Anniversary of tragic Maraval fire; Hero guard recounts horror


In this July 2021 file photo, firemen work to extinguish a fire at a family’s home at No 1 Rookery Nook, Maraval. The blaze claimed the lives of three children aged 17, six and three. Photo by Sureash Cholai

On July 27, 2021 the nation was plunged into mourning after live videos surfaced online showing the agony after three children perished in a house fire in Maraval after they were trapped inside by fortified doors and burglar-proofing.

On July 26, Ezekiel, 17, Faith, six, and Kayden Burke, three, after they were smothered by thick billowing smoke in their Rookery Nook, Maraval home. Their sisters Zaria, 13, and Jeniceia Burke, 15, were rescued in the nick of time. An investigation into the fire was completed in September. Chief fire officer Arnold Bristo told Newsday on Friday a electrical circuit overload started the fire.

First responder Evans Hinds, a security officer at the nearby RBC Maraval branch who leaped into action after being alerted by screams for help.

Ezekiel Burke

In an interview with Sunday Newsday, he recalled the events leading up to the attempted rescue and how the events of that day haunts him to this day.

That morning started as a regular day for Hinds.

He arrived to work around 7.20 am to cover another double-shift at the RBC carpark, a stone’s throw away from the house.

In the middle of his morning devotion, he said his usual prayer asking God for strength, wisdom, knowledge, guidance and the ability to deal with any obstacles that would come his way.

“I got no bad vibes or feelings that something was going to take place,” he said as he gazed at the remains of the now demolished building. Soon after he started working he heard a loud scream coming from the house.

“When I look down in the direction of the house I saw Ezekiel in the gallery screaming for help and there was a lot of fire and smoke.

“I ran to him and into the blazing flame. I moved as fast as I could.”

Their parents, Troy Burke and Jenille Rodriguez, were not at home when the fire started.

Faith Burke

Hinds was able to extinguish a power line that ran from a light pole to the bank before the fire could spread to that building.

“I ran back over to assist Ezekiel who was partially burnt in the gallery. Unfortunately, the pressure of the water was low around here at that time but I did my best. I ran over to the bank, unhooked up the hose and started to wet him.”

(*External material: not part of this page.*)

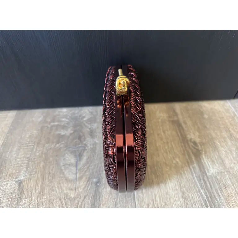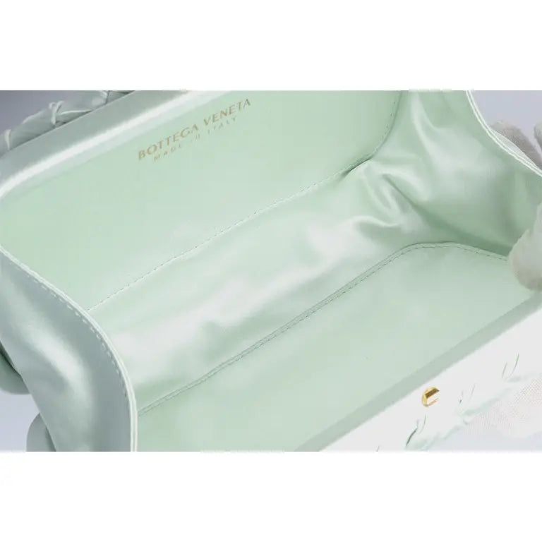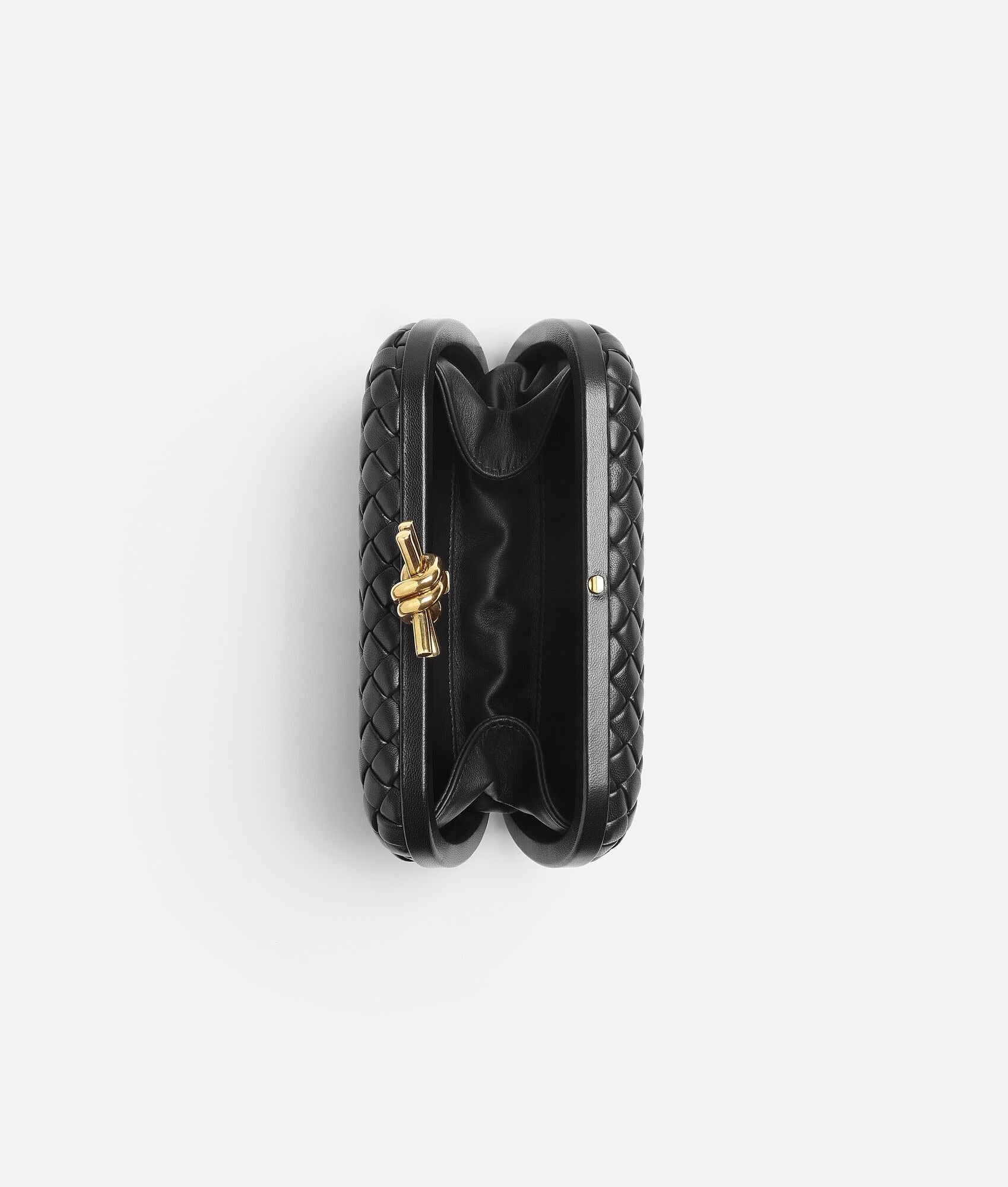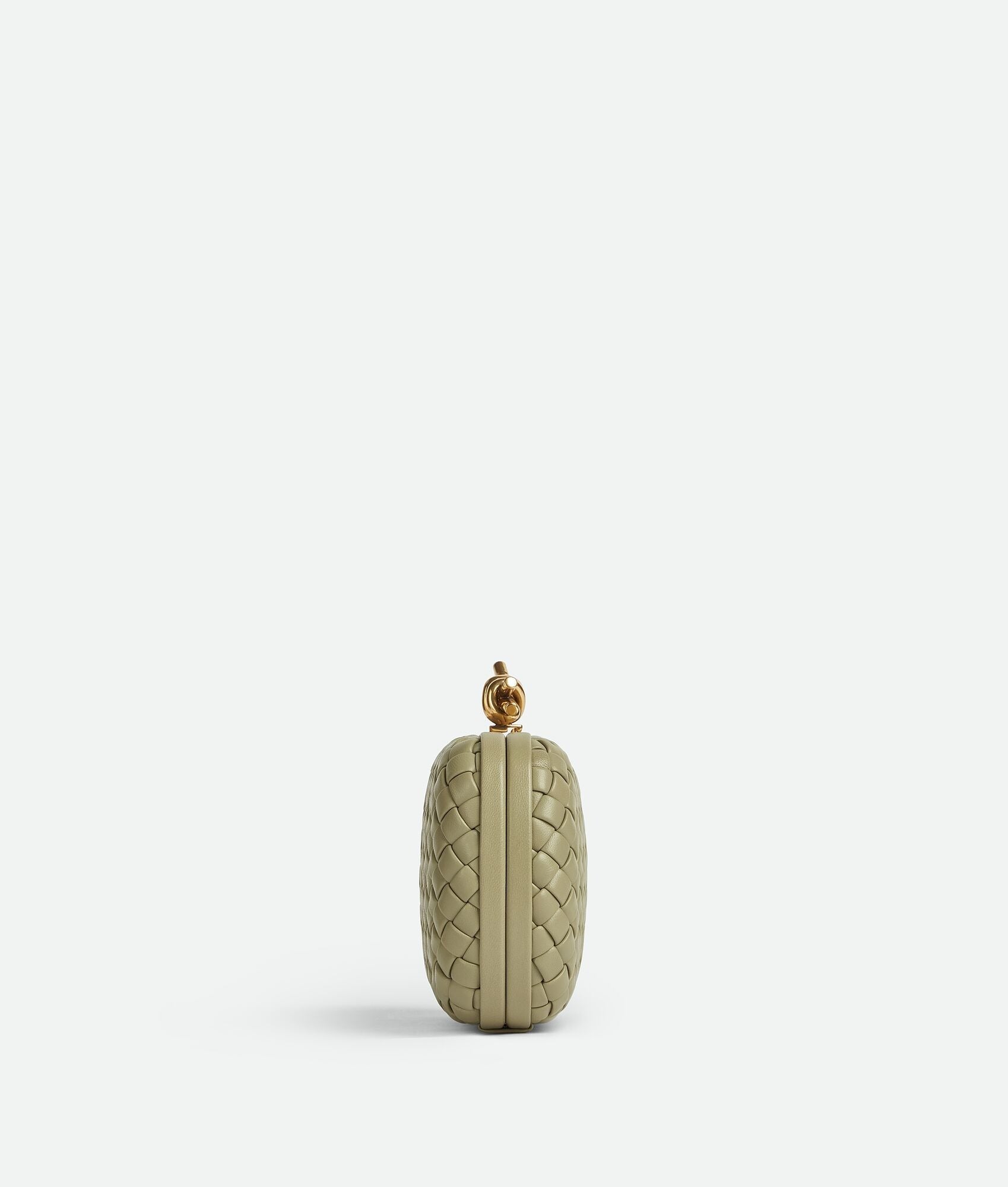 Minaudière clutch in padded Intreccio leather with foggy mirror effect and signature knot closure.

Hinds said he has never seen fear in the eyes of a person the way the teen looked at him as he begged him for help. “He kept saying security I don’t want to die. I was looking in his eyes right through. I told him to stay in the corner I will keep wetting him and I will try my best. I tried to hold him to pull him through. “

But his efforts were not enough to go against the fiercely burning fire. “His head caught on fire, his clothes and then his skin. He burnt to death right in front of me. I knew that was it.”

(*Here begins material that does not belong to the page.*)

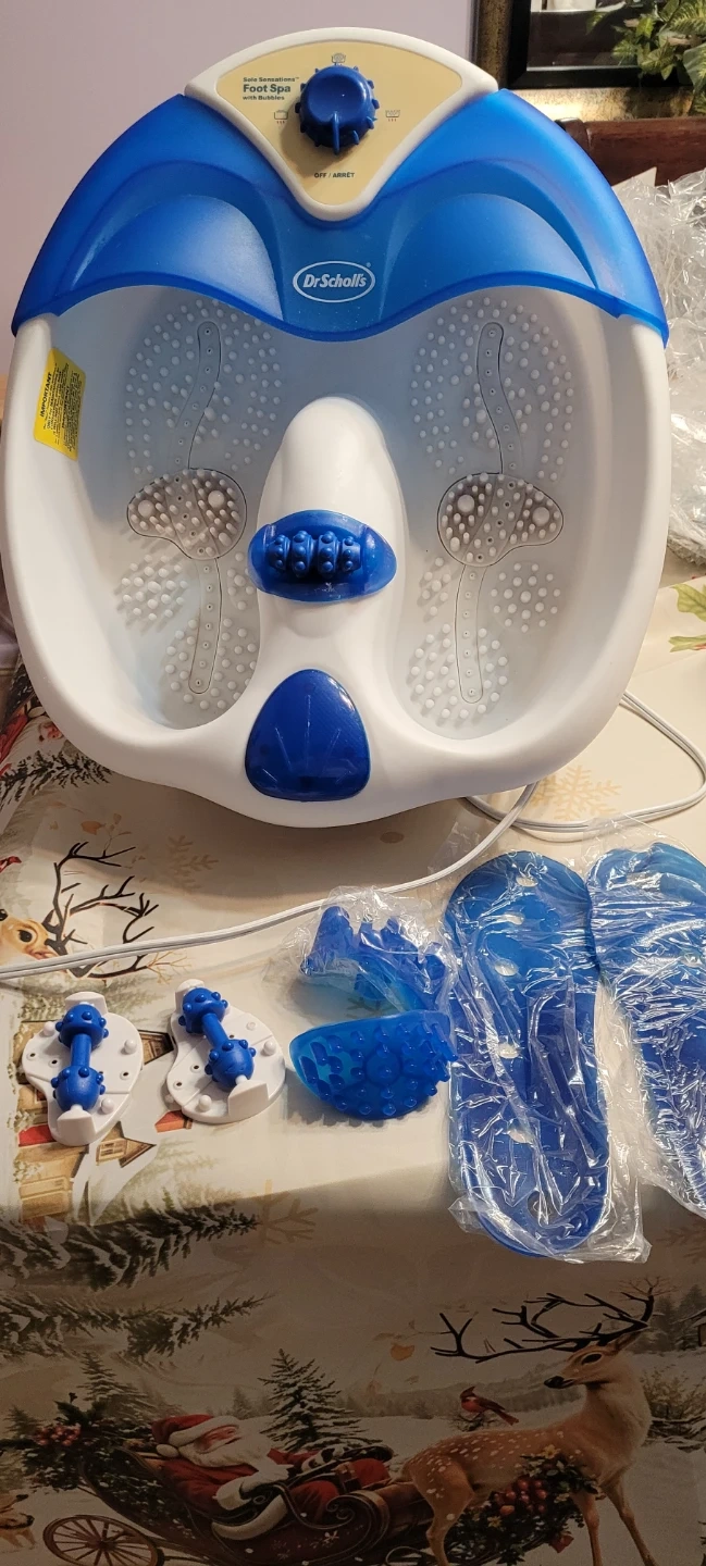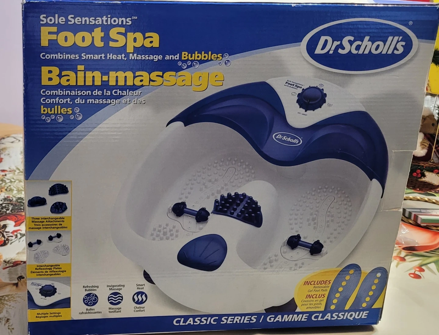 Selling a Dr. Scholl's Foot Spa from the Classic Series! It combines smart heat, massage, and bubbles for a relaxing experience. Comes with three interchangeable massage attachments and gel foot pads. Get ready to treat your feet!
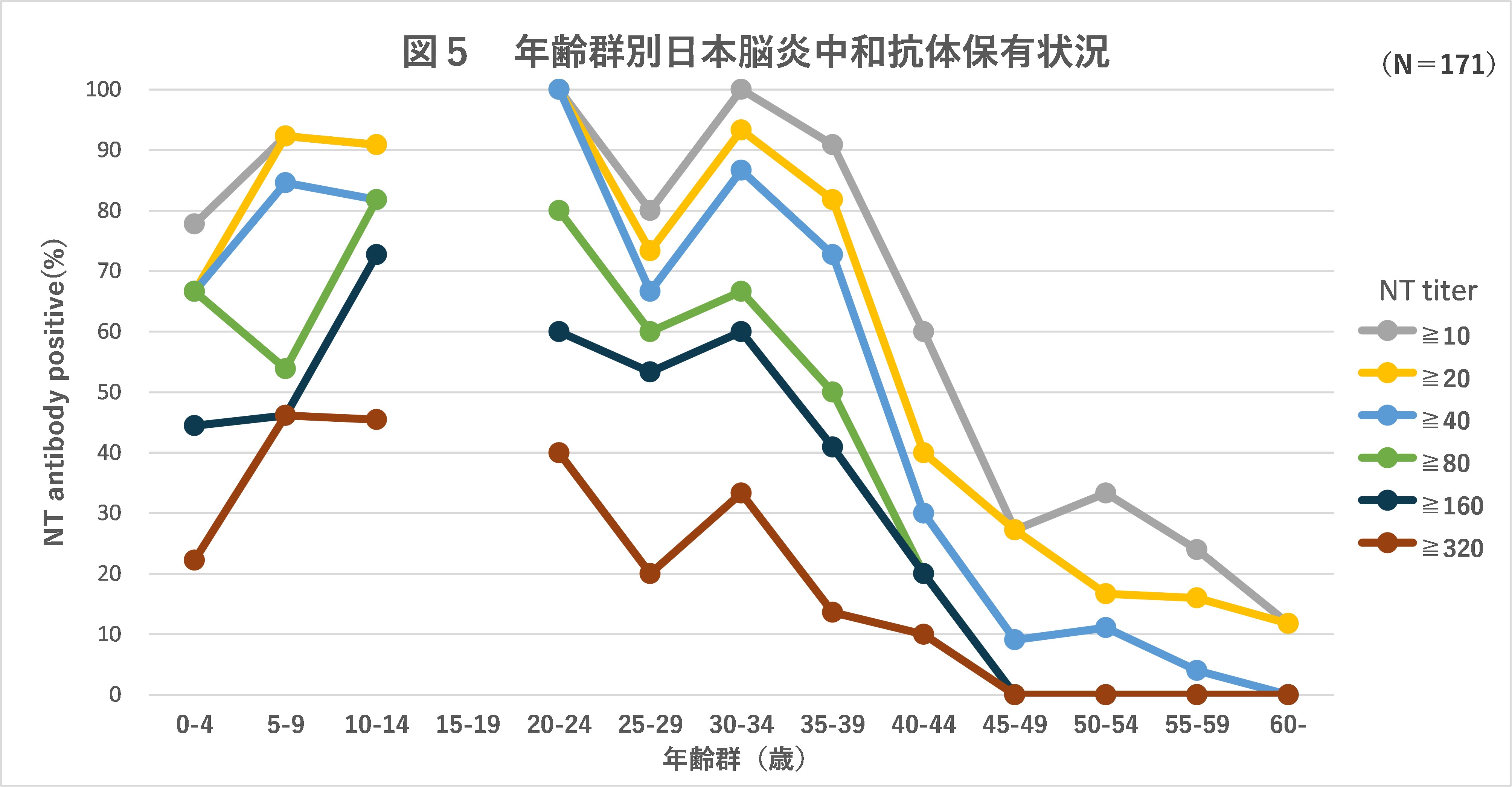 今回の調査では、ワクチン未接種は171名中8名であり、ワクチン未接種にもかかわらず8名中5名が抗体を保有していた。抗体保有5名のうち2名が生後6か月未満の乳児で移行抗体の可能性が考えられた。乳児2名を除いた3名の抗体保有者は日本脳炎ウイルスに感染した既往を持つ可能性が示唆されたが、罹患歴は無く、不顕性感染の可能性が考えられた。

He said a doubles vendor and bypassers joined in to help and minutes later fire officials arrived.

“We heard the two younger children screaming inside but then they went silent. We knew that was it. The smoke was so thick, that we couldn’t see anything. In all the commotion we couldn’t stop to grieve because it seems we kept losing them one after the other even though we trying hard.”

His attention piqued right after when they hear more screaming coming from the back of the house. They were able to break down the back door and save the two remaining siblings.

Looking back now, if he had the chance he would have tied a rope on the burglar-proofed gate to the back of a vehicle and pull the gate out. He believes the children would have survived that way. “We tried to pry open the gate with a piece of iron, it was working but because the fire was so hot, we couldn’t continue. But the force of the car would have pulled it right out.”

Hinds was treated at the hospital for burns on his upper body, hands and face. Today, a scar stretching from him his left side rib down to his thigh and horizontal scars on his palms reminds him of the good friends he lost. “I lost family because I would always throw an eye on them when they are home and their parents head out to work. I lost loved ones in a blink of an eye. I had a unique relationship with them. As the time comes closer to the anniversary it’s hard for me…I will never forget them.”

Kayden Burke

Four months after the house had been demolished, Hinds still imagines little Kayden climbing the burglar-proofing calling out to him, Ezekiel on the computer doing homework and the others playing together on the inside.

“I have seen death many times in my life. I’ve been stabbed eight times by a woman I was trying to help then I was shot after multiple times by unknown gunmen another time.”

Through his slightly slurred speech caused by a stab wound scar on the left cheek, Hinds said, “I can’t even smile because of the knife wound damage to my face. Life was not kind to me and I accept that but I thank God still.”